Grant sets out a menu of choices you have, like the kind of speaker you might like to be, some of the ways you can diversify your income, and the niches you might like to explore. He walks you through five steps: choosing a problem to solve, preparing and delivering your talk, establishing your expertise, actually hunting down and landing those gigs, and scaling and diversifying from there.
He starts with that question — what problem do you want to solve for people? — because the answer affects everything else you do as a speaker: the events you approach, the audiences you speak to, the content you deliver. And he has some solid advice around it.
Case in point: One of the first things Grant recommends doing is choosing an industry to focus on. That’s “industry” in the sense of seven broad categories of potential audiences and clients: corporations, associations, faith-based organizations, nonprofits, government and military, colleges and universities, and K-12 education. Choosing an industry to specialize in lets you focus your professional efforts, so you’re not trying to boil the ocean.
In step three, he has some good advice on speechwriting and delivery. This isn’t the be-all-and-end-all on speaking technique and content, and it isn’t meant to be. But as an overview of the field, it’s solid.
The book kicks into high gear with step three, when Grant starts talking about establishing your expertise and marketing yourself. (If you’re the kind of person who throws up a little when you hear the term “personal branding,” you’ll need to make your peace with it. Because what you’re selling when you have a speaking business is yourself: your voice, your expertise, your skill at communicating.)

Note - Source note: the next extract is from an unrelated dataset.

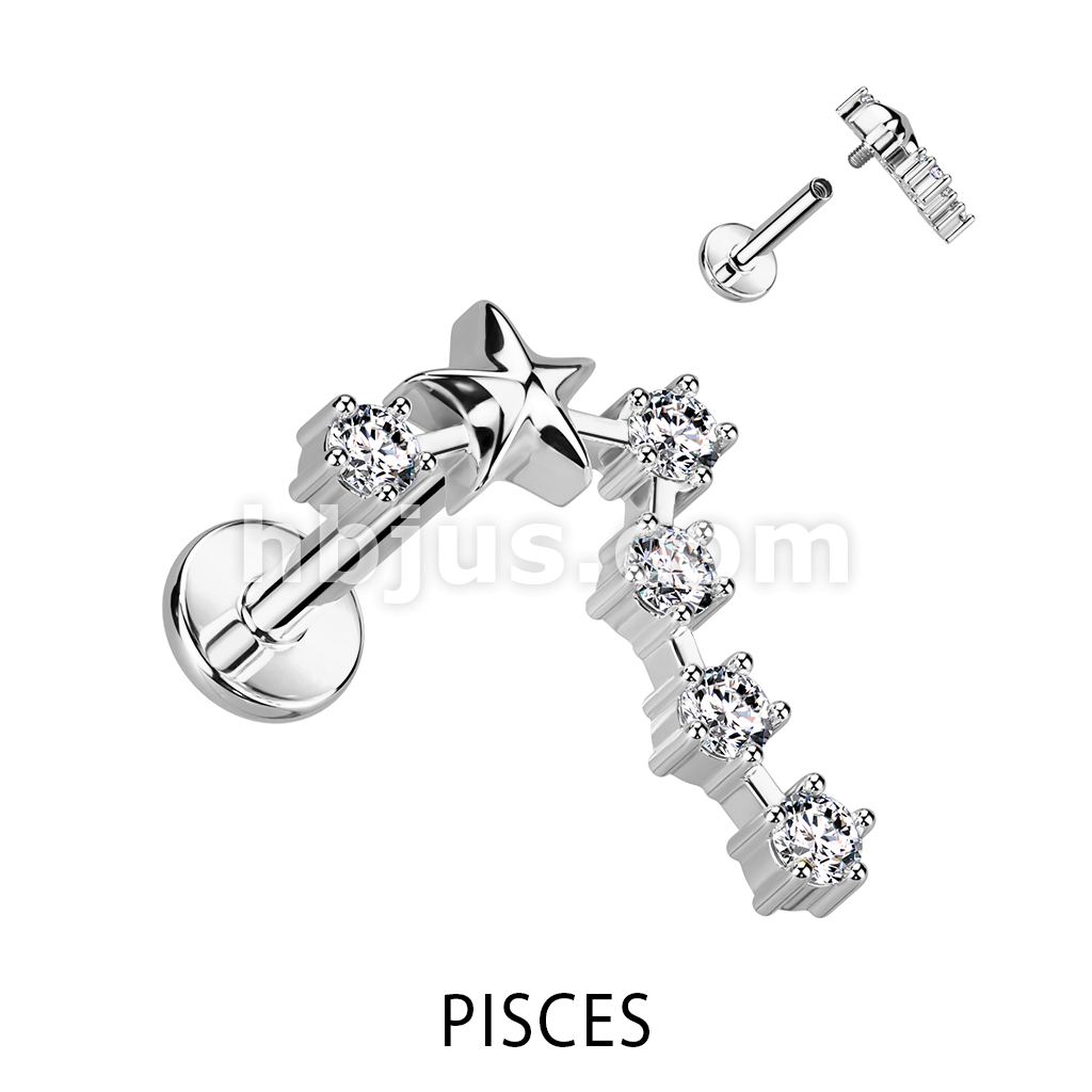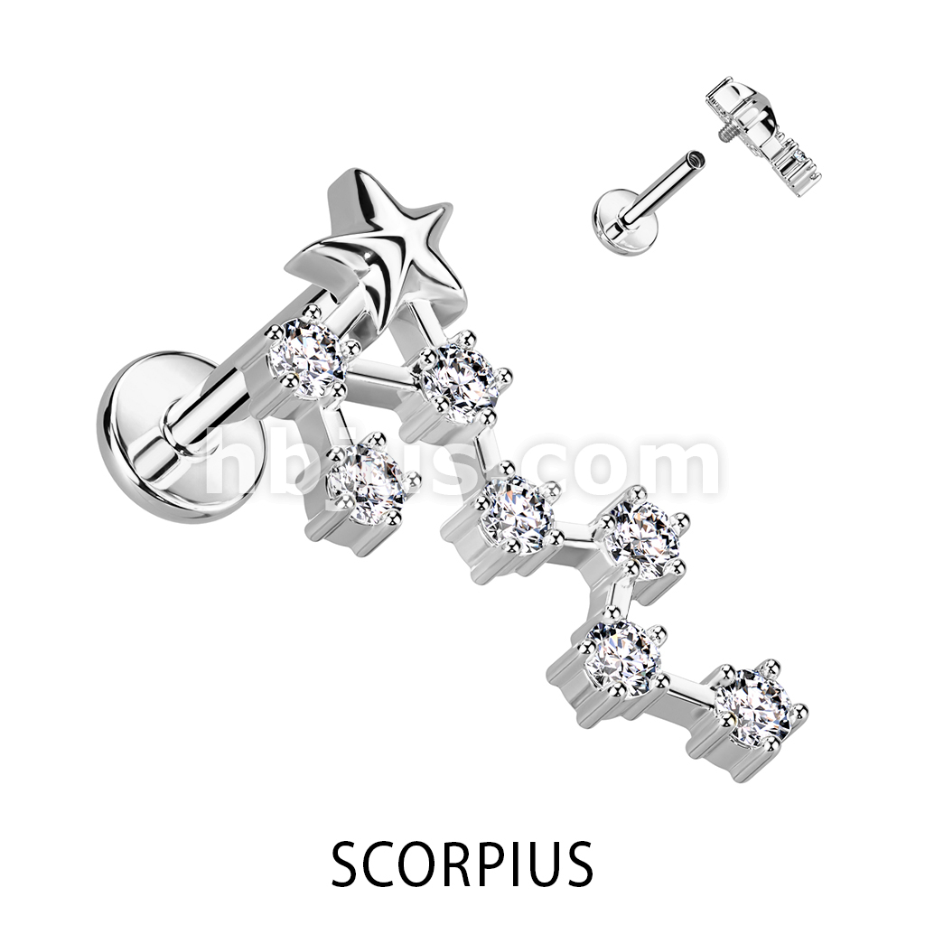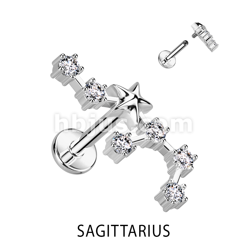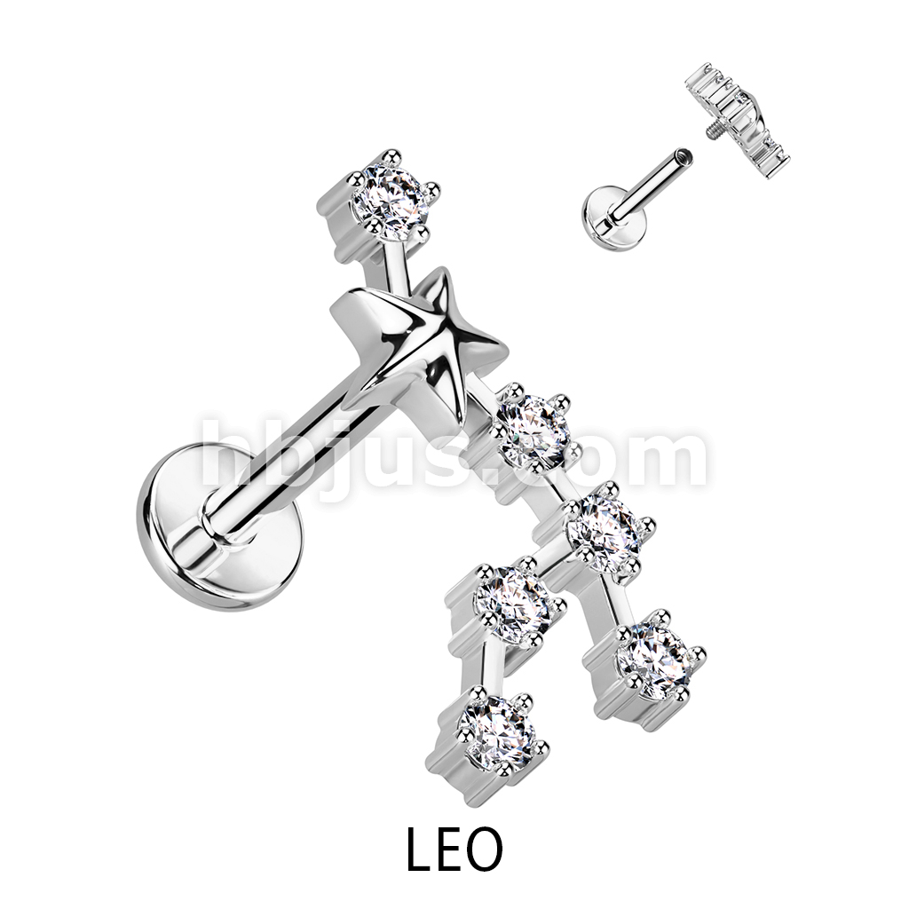 316L Surgical Steel Internally Threaded CZ Zodiac Constellation Labret Stud

There’s a lot of nuts-and-bolts advice here, including some very helpful pointers on setting up a speaker website and pulling together a demo video. And I like that when it comes to a website, for instance, he basically says “WordPress if you’re tech savvy, Squarespace if you aren’t.” Are there other choices? Yes, of course. And if you want to dive into those choices, you can. But if you don’t, or if you’d rather direct your energy elsewhere, they’ll do you admirably.
That’s true for step four, too, where Grant lays out a process for getting speaking engagements and negotiating terms. His technique certainly isn’t the only way to get them. But if you don’t want to do a whole deep exploration of sales processes, and the market, and… — well, here’s a workflow that works well for him and for his students.
(And by the way, there’s a single page in there that I’m guessing will save a lot of people a lot of grief — and potentially a lot of money! — on how to price yourself.)
And then step five offers a range of ways you can diversify your income and extend your speaking into other fields. Consider this your entrepreneurial buffet of intriguing menu options.
The Successful Speaker doesn’t try to be the comprehensive guide for a professional speaking career. You won’t find any discussion of speaker’s bureaus or managers, for instance. It doesn’t claim to be your lifelong roadmap through to retirement.
What it does, and does well, is chart a path for you to launch a speaking career. And if that’s a path you’d like to explore, I’d encourage you to do it with Grant’s book at your side.